■ Problem to solve:
Return the full set of entries precisely. Do not carry over any pictures.

+ + + +

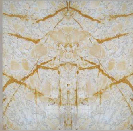
Calacatta Della Gherardesca

Breccia with rounded yellowish-pink elements and golden veins that form light streaks. The whole is crossed by mustard-yellow brocade veins, giving the slab a wonderful open-spot coloring.
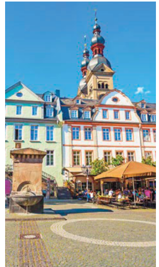
Market Square, Koblenz

Knowledgeable Lecturers deepen your appreciation for the region and its history, culture and current events.
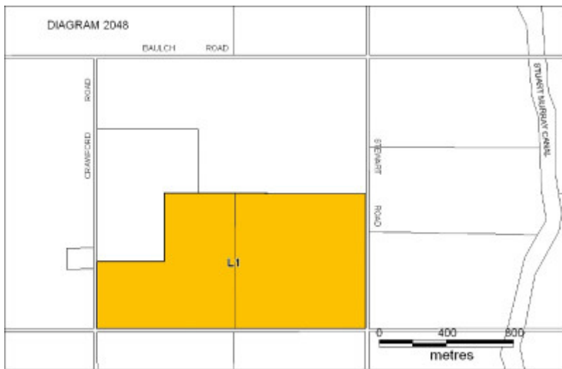
h02048 revised diagram 2048
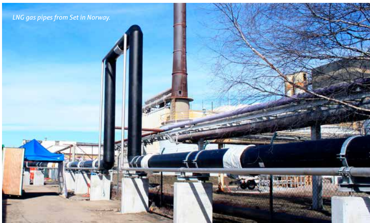
LNG gas pipes from Set in Norway.
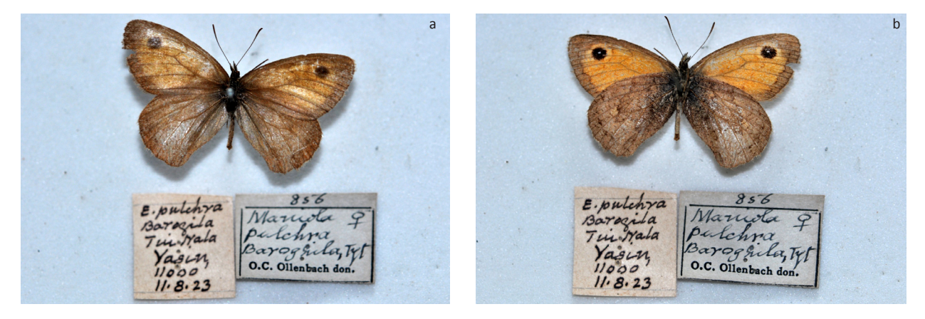
Image 18 a,b. Dusky Meadowbrown Hyponephele baroghila (Tytler, 1926) (female: 41mm) – 11 August 1923; TuiNala, Yasin, Gilgit; 3,353m (NFIC-FRI-11150). a - dorsal view; b - ventral view
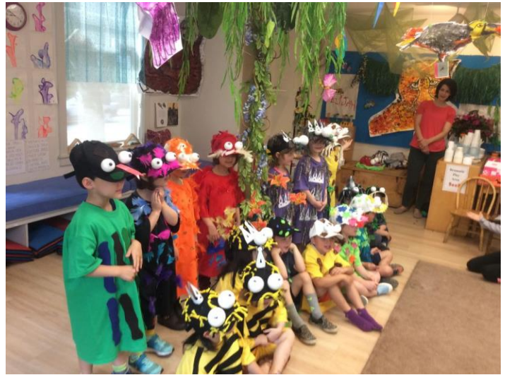
Star Room end of the year play

Bring the whole family to meet the teachers, find the cubby, check out the classrooms, meet other families, and get answers to any questions you might have!
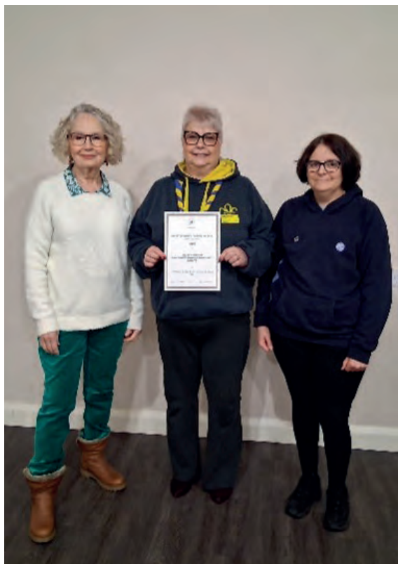
Great Horwood Rainbows/Brownies/Scouts
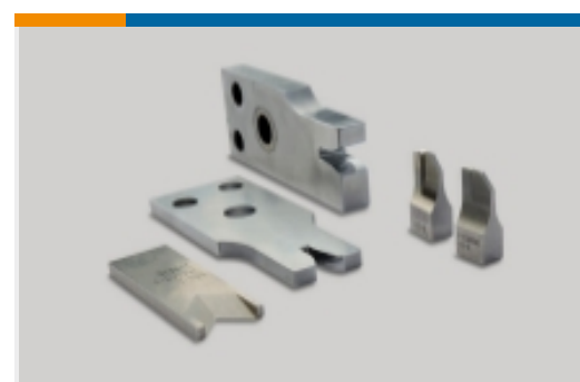
Spare & Wear Tooling(2)
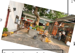
People setting up for the opening business

Hundred of songbirds can be seen in this charming garden, each has its own unique voice. Have a walk down the street, and you will find yourself captivated by the harmony of the songbirds.

+ + + +

■ Answer section:
Calacatta Della Gherardesca

Breccia with rounded yellowish-pink elements and golden veins that form light streaks. The whole is crossed by mustard-yellow brocade veins, giving the slab a wonderful open-spot coloring.
Market Square, Koblenz

Knowledgeable Lecturers deepen your appreciation for the region and its history, culture and current events.
h02048 revised diagram 2048
LNG gas pipes from Set in Norway.
Image 18 a,b. Dusky Meadowbrown Hyponephele baroghila (Tytler, 1926) (female: 41mm) – 11 August 1923; TuiNala, Yasin, Gilgit; 3,353m (NFIC-FRI-11150). a - dorsal view; b - ventral view
Star Room end of the year play

Bring the whole family to meet the teachers, find the cubby, check out the classrooms, meet other families, and get answers to any questions you might have!
Great Horwood Rainbows/Brownies/Scouts
Spare & Wear Tooling(2)
People setting up for the opening business

Hundred of songbirds can be seen in this charming garden, each has its own unique voice. Have a walk down the street, and you will find yourself captivated by the harmony of the songbirds.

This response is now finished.